In the future usability model corresponding to mobility friction (model 1: obstruction), the importance plot revealed that stair width and daily frequency of use were the most crucial factors which influenced the use of FOBs (illustrated in Fig. 6, Plot A). Usually, narrow stair width and high pedestrian flow increased the mobility friction. Even the presence of vendors/beggars/standing pedestrians reduced the effective walkway width, which was further responsible for the reduction in the use of the FOBs, and this was in accordance with the findings reported by Pasha et al. (2015). During the survey, a set of feedbacks were obtained from respondents (refer Table 6) which also confirmed that the mobility friction was land-use specific and occurred majorly at PTT, commercial and residential locations. A study by Saha et al. (2011), confirmed that in the Central Business District (CBD) and PTT locations, unwanted people’s presence discouraged the use of overpass. It was further noticed that the type of location, age, existing walk environment, and security further also played a vital role in usability choice. Though the presence of people (vendors, standing pedestrians, and beggars) usually gave a sense of safety and security, yet this might not be true under all scenarios. During night time, the presence of vendors and beggars might not encourage pedestrians to use FOBs due to the prevalence of illegal activities and fear of victimization (see feedback Table 6). The study of Malik et al. (2017) also highlighted a similar concern, which made people feel insecure in the presence of many beggars and shops.

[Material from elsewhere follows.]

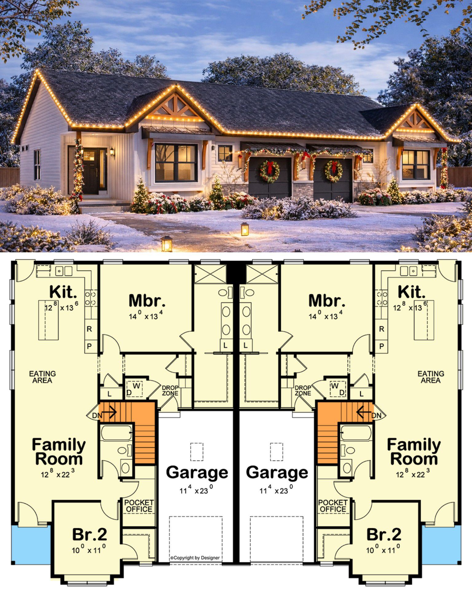 This thoughtfully designed Modern Craftsman duplex plan offers approximately 2,570 sq ft of total heated space divided into two perfectly mirrored units of about 1,285 sq ft each. Featuring a clean modern Craftsman exterior with warm architectural details, each side includes 2 bedrooms, 2 full bathrooms, a private 1-car garage, and a bright, open interior that supports casual living, daily routines, and flexible work-from-home needs. With its split-bedroom layout and included home office space, this duplex plan blends everyday comfort with thoughtful separation between private and communal zones. 0

5.2 Usability concerning safety and security

Perceived safety and security is one of the most prominent factors related to overpass use (Räsänen et al. 2007). The future usability prediction model (Model 2) concerning perceived safety and security (i.e. CCTV installation and security personnel deployment) revealed walk environment (i.e., the facility surroundings and whether they are pleasant or not) and gender as the most crucial predictors that influenced the use of FOBs across Indian cities (see Fig. 6, plot B). The significant determinants of safety and security differed based on the time when pedestrians used the facility. At daytime, safety and security-related concerns arose among people in highly crowded areas (such as PTT), where the pickpocket and theft-related issues were frequently noticeable (see feedback Table 6). At night time, the security-related issues (such as walk environment being uncomfortable due to illegal activities) were primarily gender-specific (related to female pedestrians), which debarred them from using the FOBs (Malik et al. 2017; Pasha et al. 2015). Moreover, the absence of CCTV and security personnel at PTT and commercial locations (see feedback Table 6) demotivated users and increased the perceived fear of victimization. Insufficient security regarding the absence of lighting (Malik et al. 2017; Pasha et al. 2015), perceived insecurity of getting robbed (Hasan and Napiah 2014; Malik et al. 2017; Villaveces et al. 2012) and criminal activities (Villaveces et al. 2012, Saha et al. 2011) were previously found to deter the use of FOBs among pedestrians. Past studies, as well as current respondents’ expressed concerns also supports the fact that to enhance safety and security, most common measures are the provision of proper lighting (Hasan and Napiah 2014; Malik et al. 2017; Villaveces et al. 2012; Pasha et al. 2015) and removal of advertisement banners (Koepsell et al. 2002; Malik et al. 2017; Oviedo-Trespalacios and Scott-Parker 2017). Moreover, the provision of surveillance systems such as CCTV cameras along with proper placement of security personnel (Gallegos 2012) and stricter laws (Hidalgo-Solórzano et al. 2010; Sabet 2013) also strengthen the safety perception among pedestrians and motivate them to use the facility frequently.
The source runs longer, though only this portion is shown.